When you remove the top layer of mulch, the microbes move to the part
which is still covered.  It is their movement, and energy which can
warm the soil up to 8 degrees higher than bare soil.  For this reason,
the organic  method allows gardeners in cold or warm climates alike to
grow far more varieties than conventional methods.  Reason being, the
energy in the soil and it's ability to keep it warmer, OR cooler when
the heat arrives.  Mulch is one of (if not THE) MOST important parts
of a vibrant healthy garden. Shredded leaves is by far superior than
most other mulches, but I found partially finished compost, with
identifiable chunks of material, to be the best.  It is the most
natural in any event.  It provides the most air, and nutrition to the
microbes and plants that I have found.

Victoria

On Mon, 29 Mar 1999 00:48:24 GMT, "Don & Jeanne Chapman"

Quote:

>Dan - I know this is "common wisdom" - removing the mulch cover so soil can
>warm up quicker, but I was very surprised last year to discover that the
>soil was warmer under a 4-inch layer of mulch than was adjoining bare soil.
> I measured with a digital thermometer (like a meat probe), and there was
>six degrees difference.

>My theory is that the mulch serves as a thermal blanket, holding in heat
>better overnight.

>Not sure this will be true everywhere, but it sure opened my eyes.  Had to
>measure over and over at different points before I believed it.

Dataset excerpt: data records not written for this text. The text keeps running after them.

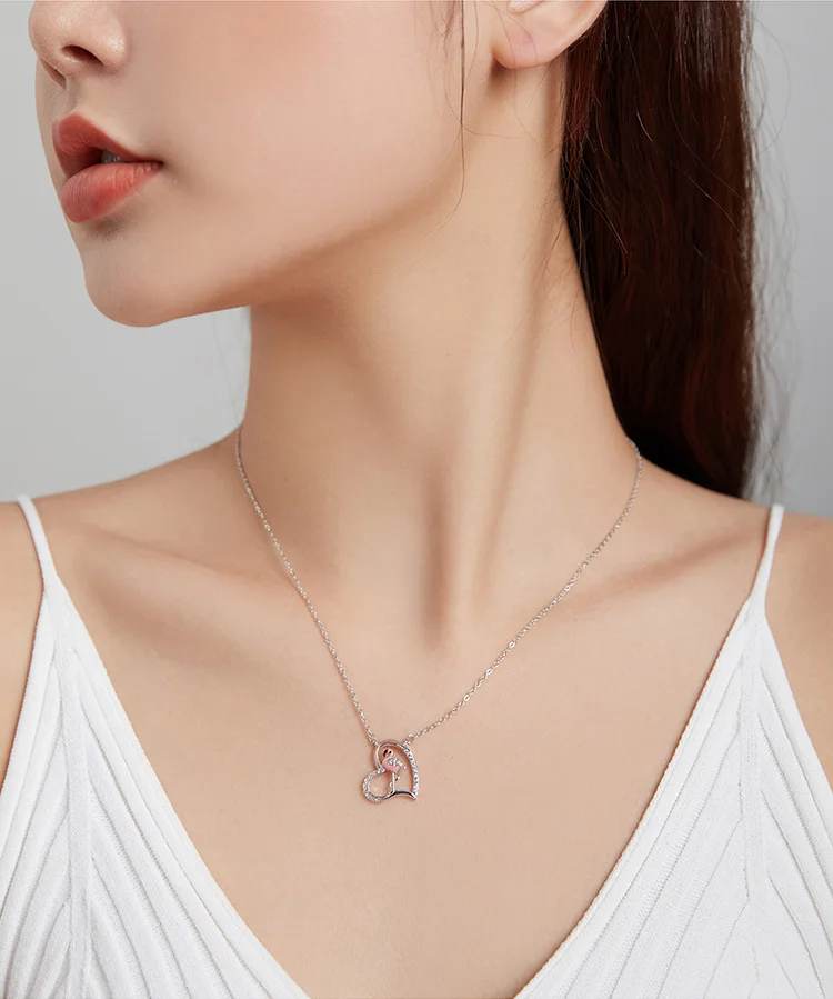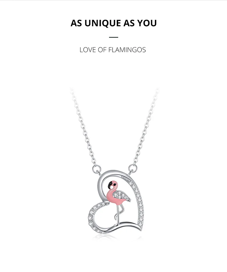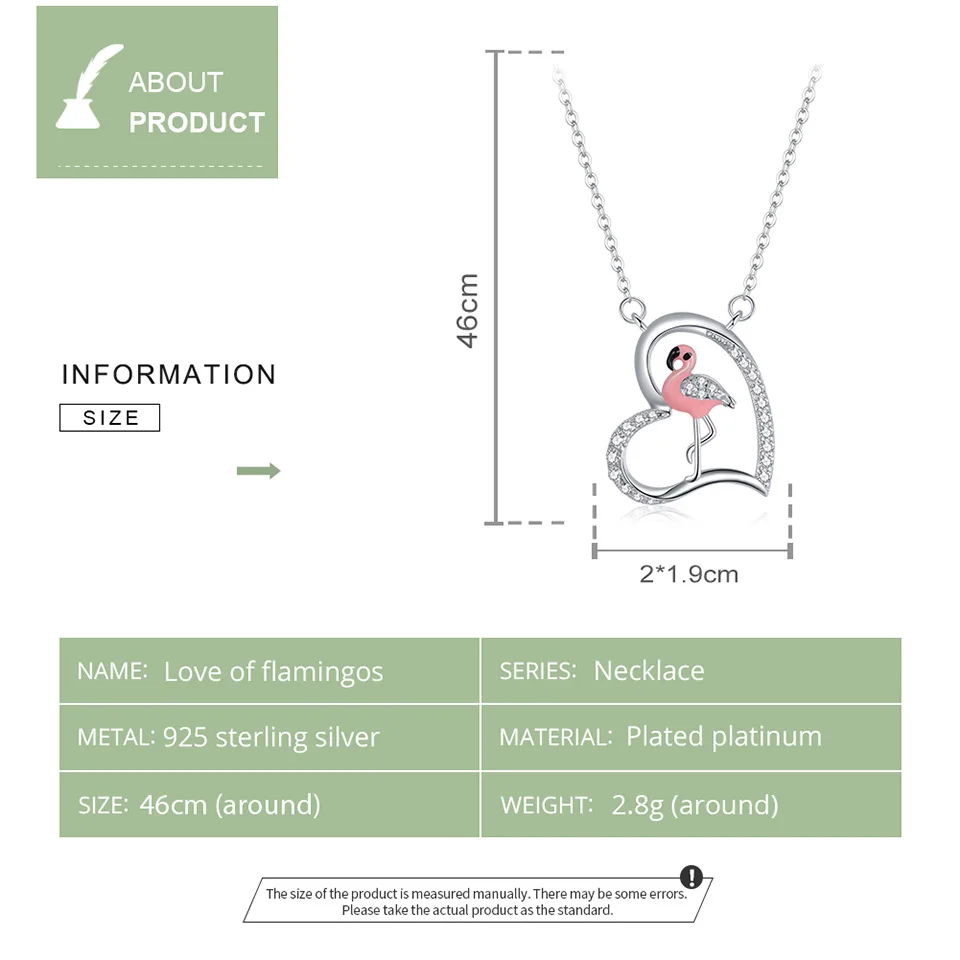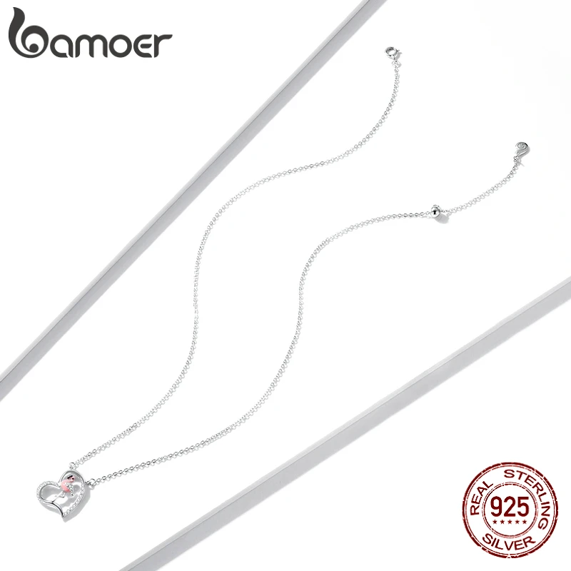 Женское серебряное ожерелье с Фламинго bamoer, из серебра 100% пробы, 925 пробы, с розовым сердцем, в виде животного, BSN223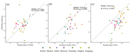 Validation of LDCP-derived phenological metrics (POS1 for (a), SOS2 for (b), POS2 for (c)) in relation to the in situ phenological stages. Dashed black line is the 1:1 line. Colored points represent results at 7 ground cropland phenology stations. RMSE stands for root mean square error. R represents the correlation between crop stages on the ground and predicted phenological metrics from remote sensing.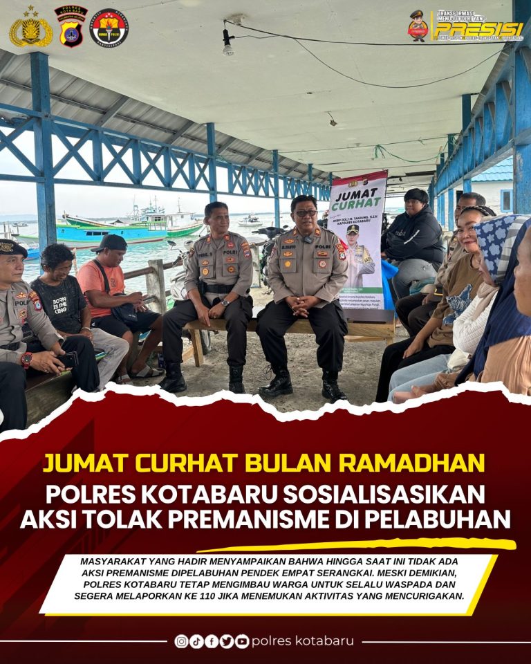 Polres Kotabaru Polda Kalsel – Polres Kotabaru kembali menggelar program Jumat Curhat, kali ini bertempat di Pelabuhan Pendek Empat Serangkai...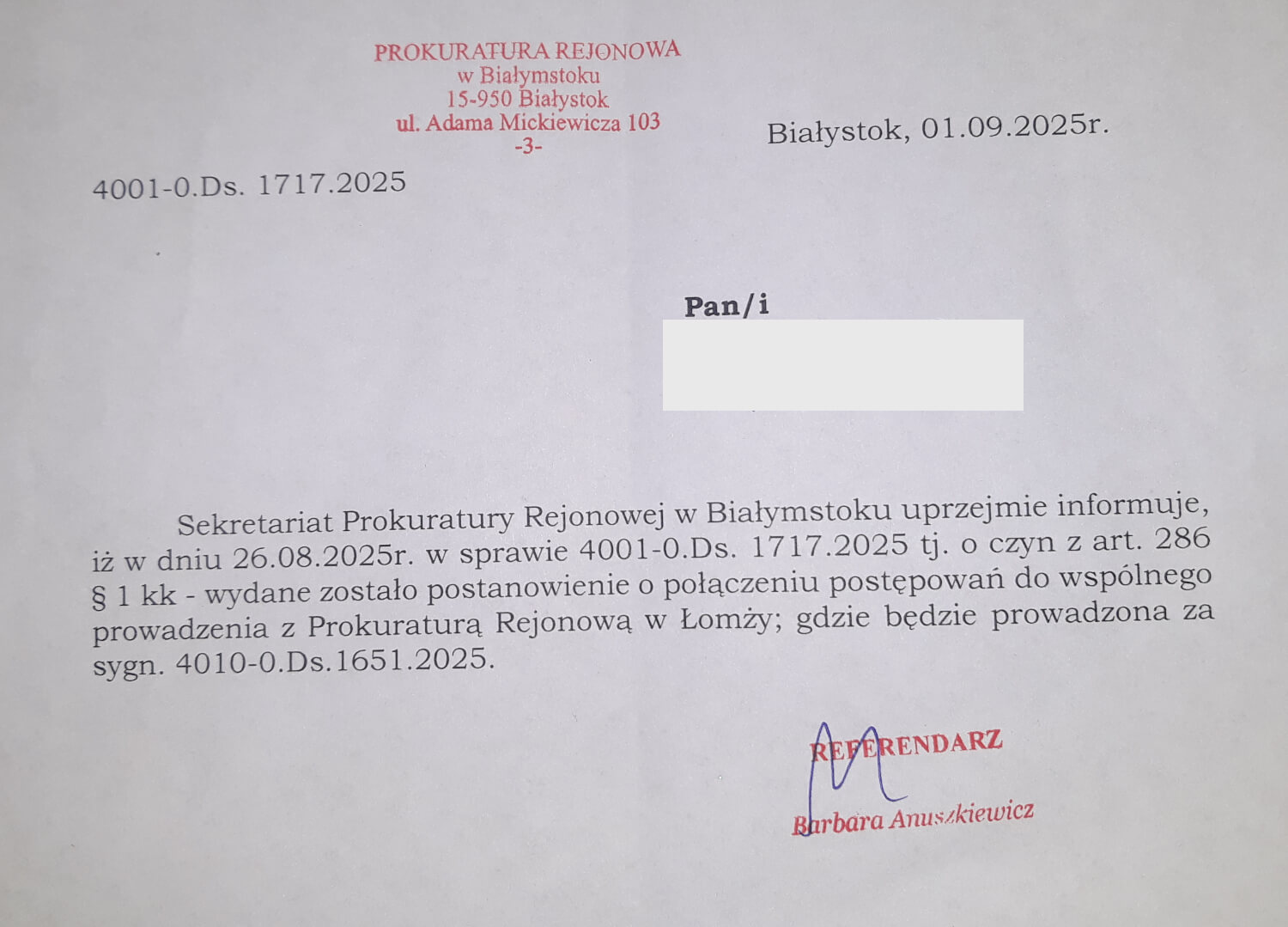 Prokuratura Regionalna w Białymstoku przychyliła się do wniosków oszukanych oraz apelu posła Jarosława Zielińskiego o wymianę informacji między prokuratorami rejonowymi i łączenie postępowań karnych.

>You might try taking some temps some time when you have a good comparison
>situation.


>Chappy's Power Organics
>3200 Corte Malpaso, #107
>Camarillo CA 93012
>Info & Orders <http://www.bio-organics.com>

 
 
 

The ins and out of mulch (from a newbie)

Post by NAearthM » Tue, 30 Mar 1999 04:00:00


          If I do not have my own compost, what should I aks for at the
nursery? I have compost that is from cow manure that I add to the soil but I
don't think i can use it as a mulch because i read on here that it can't touch
foliage.
          Thanks!
Caryn in nY zone 7
          "Come into my garden, my flowers want to meet you!"
 
 
 

The ins and out of mulch (from a newbie)

Post by m& » Wed, 31 Mar 1999 04:00:00


Plain composted manure is too high in nitrogen.  Ask the nursery if
they know anyone in your area who sells compost by the yard.  It is
much cheaper than buying it in bags.  

Victoria



Quote:
>          If I do not have my own compost, what should I aks for at the
>nursery? I have compost that is from cow manure that I add to the soil but I
>don't think i can use it as a mulch because i read on here that it can't touch
>foliage.
>          Thanks!
>Caryn in nY zone 7
>          "Come into my garden, my flowers want to meet you!"